El artista original y con personalidad toma elementos de sus maestros, o a los que considera como tales: vivos o muertos, coterráneos o extranjeros, de su mismo mundo cultural o ajeno, por igual mujeres que hombres.

Una cosa más

Es posible que quien haya llegado hasta este punto sienta una especie de vértigo o desesperanza. Al menos yo todavía la siento porque cada que lo pienso, asumo que mi obra no alcanzará la categoría de arte. Y es probable que no lo haga. Sin embargo, no hay otra forma de descubrirlo que seguir creando.

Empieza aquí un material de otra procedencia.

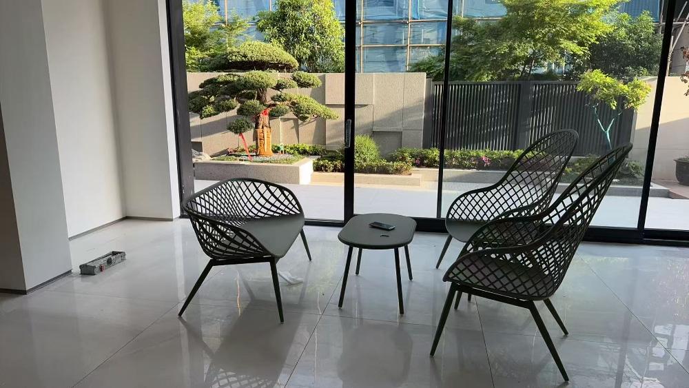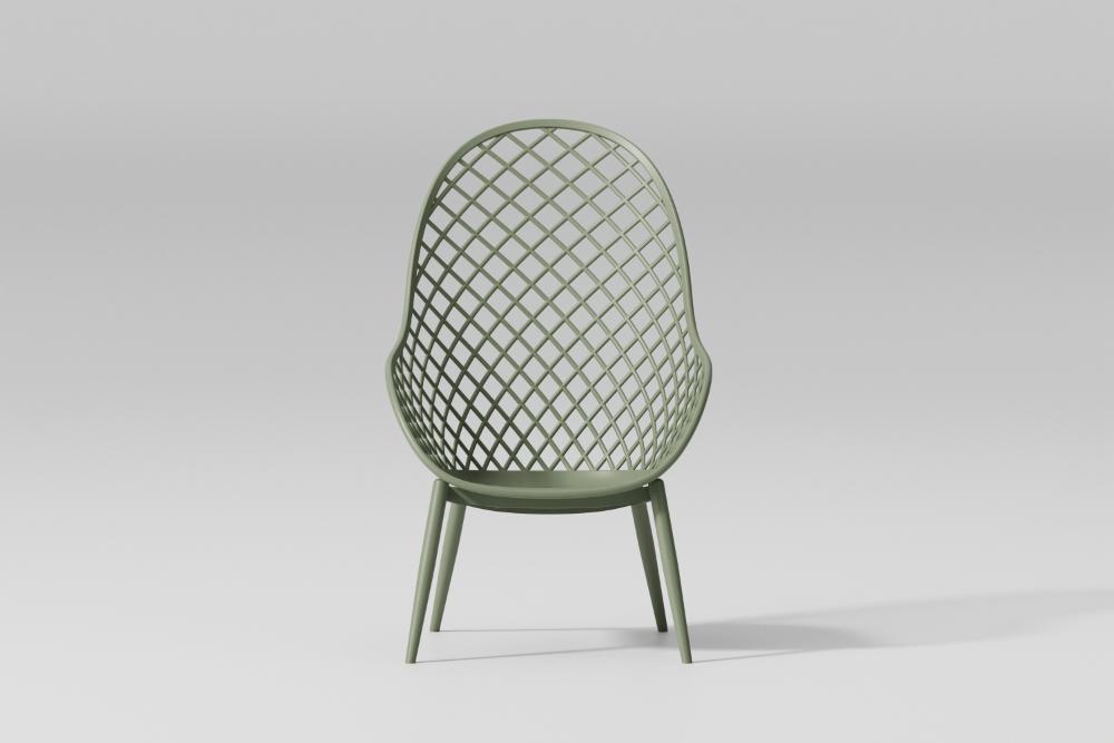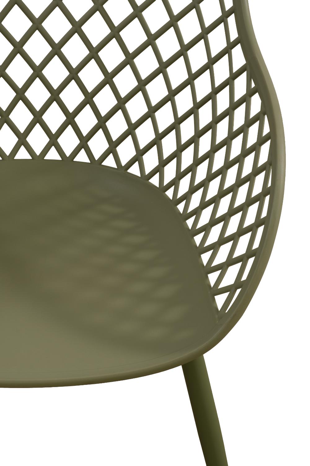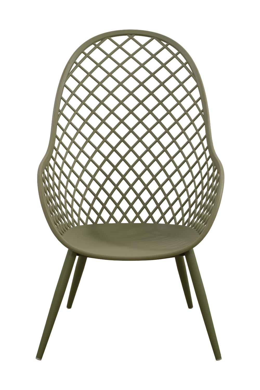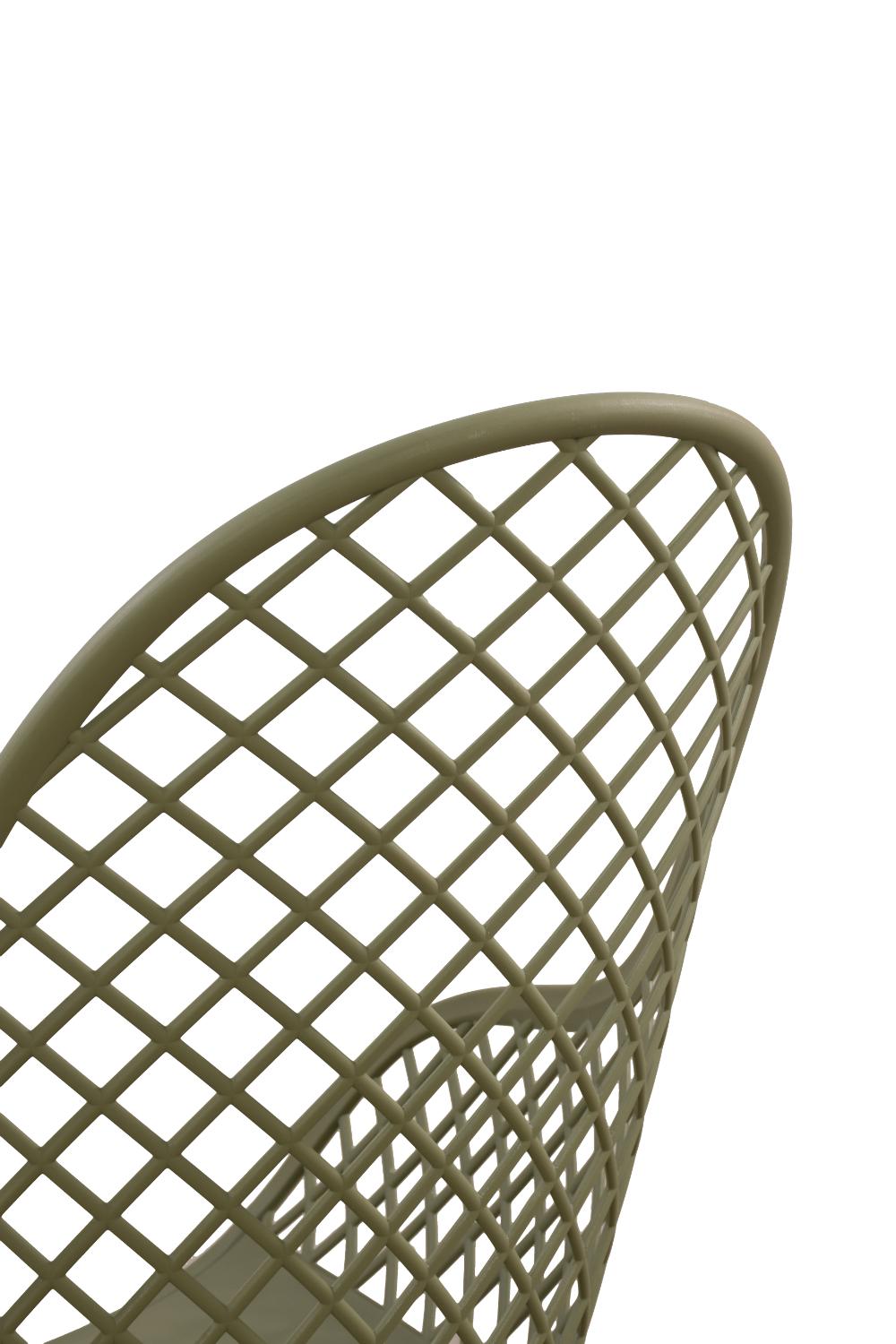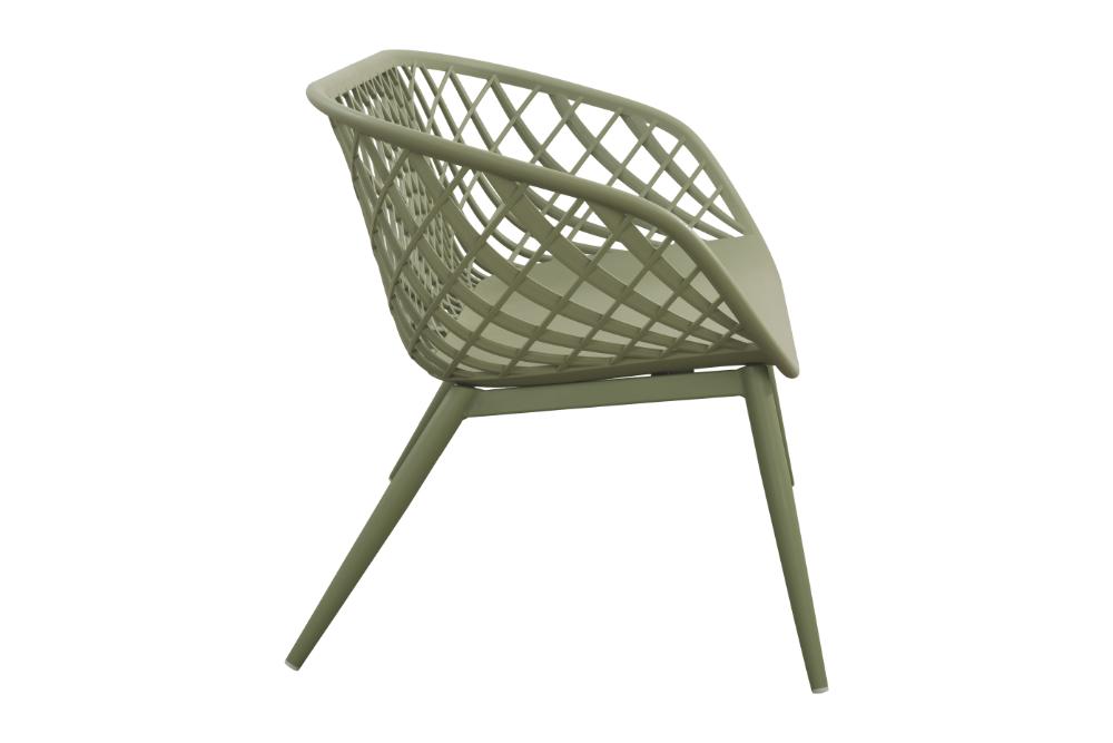 Elaborado en Polipropileno y protección a los rayos UV el set incluye mesa centro, dos sillas y un banco, en Color Verde Olivo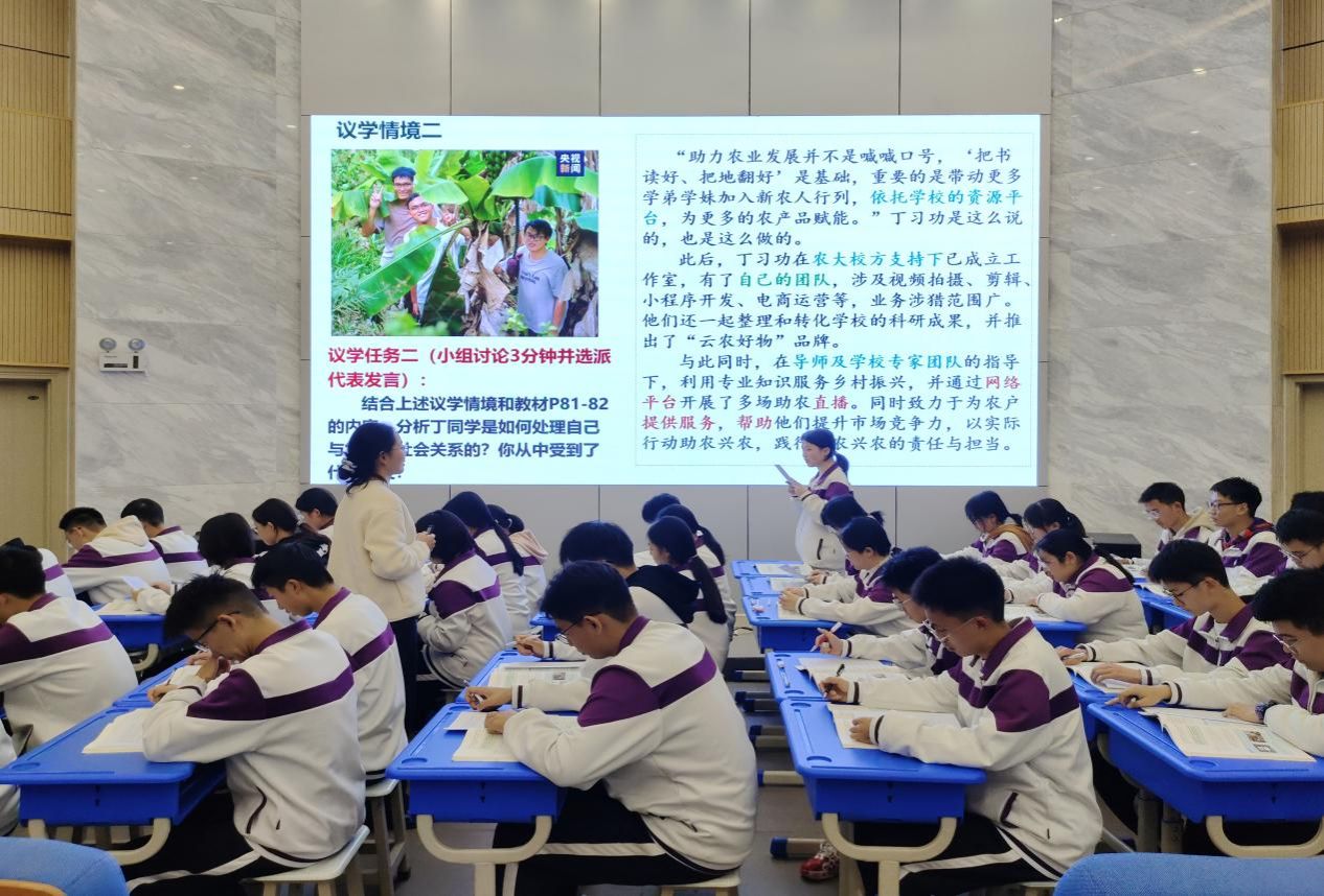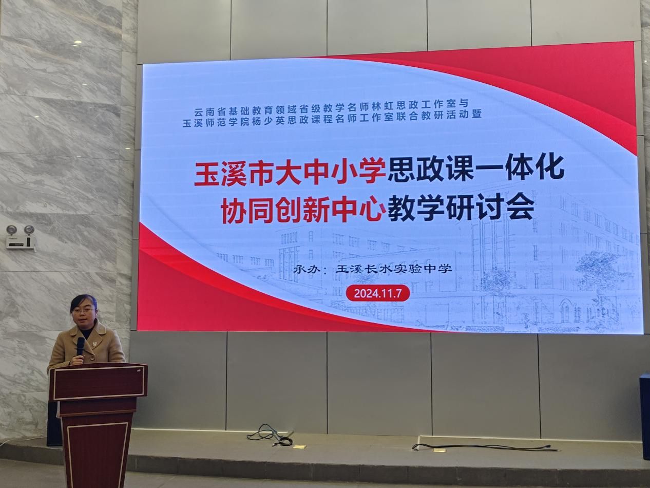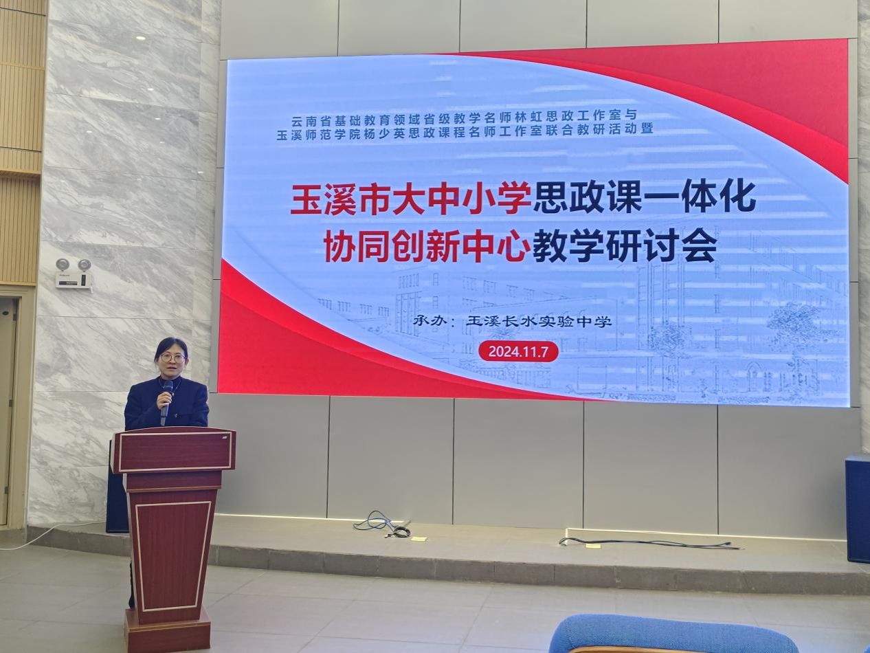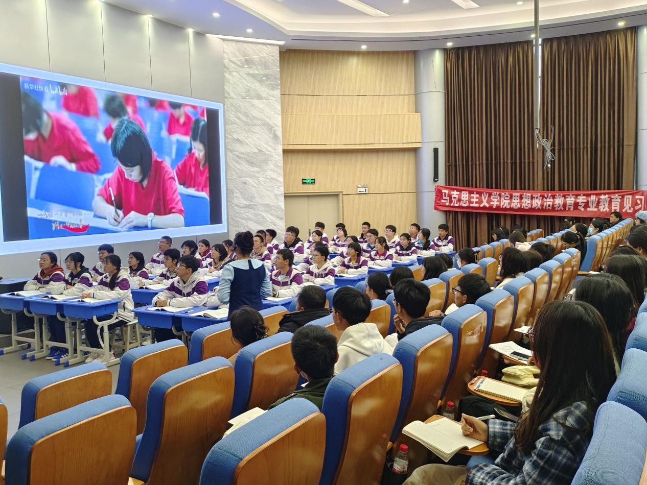 为统筹推进玉溪市大中小学思政课一体化建设,切实发挥思政课立德树人关键课程的作用,提升思想政治教育专业师范生教育教学能力,全面增强思政育人效果。借助玉溪市大中小学思政课一体化协同创新中心教学研讨会契机,云南省基础教育领域省级教学名师林虹思政工作室与玉溪师范学院杨少英思政课程名师工作室,于2024年11月7日下午在玉溪长水实验中学开展高中思政课同课异构联合教研活动。马克思主义学院2022级思想政治教育专业师生到现场观摩学习,开展高中学段教育见习。

Como última reflexión de este texto puedo decir que, si bien hay quienes poseen un talento nato, no debemos apostar todas nuestras fichas a esa sola carta. En realidad, el talento solo facilita el trabajo, pero de nada sirve si no está acompañado por la disciplina y la tenacidad. Es en este par de cualidades en las que podemos y debemos entrenarnos si queremos crear una obra personal. Tal vez no alcancemos la talla o relevancia de Joyce en la literatura, pero si somos capaces de evitar la tentación de imitar a otros a destajo, o de controlar el furor que causa pertenecer a algún grupo con una etiqueta, especialmente de origen comercial, tal vez podamos escuchar nuestra propia voz y crear, a partir de ella, una obra quizás modesta, sí, pero auténtica. Y eso es mucho más valioso que aparecer en la fotografía grupal de alguna corriente, o como la de las graduaciones universitarias, donde apenas se distinguen unos rostros de otros, y que no dicen nada más que yo estuve ahí (¿cuántos colados habrán aparecido en ellas?).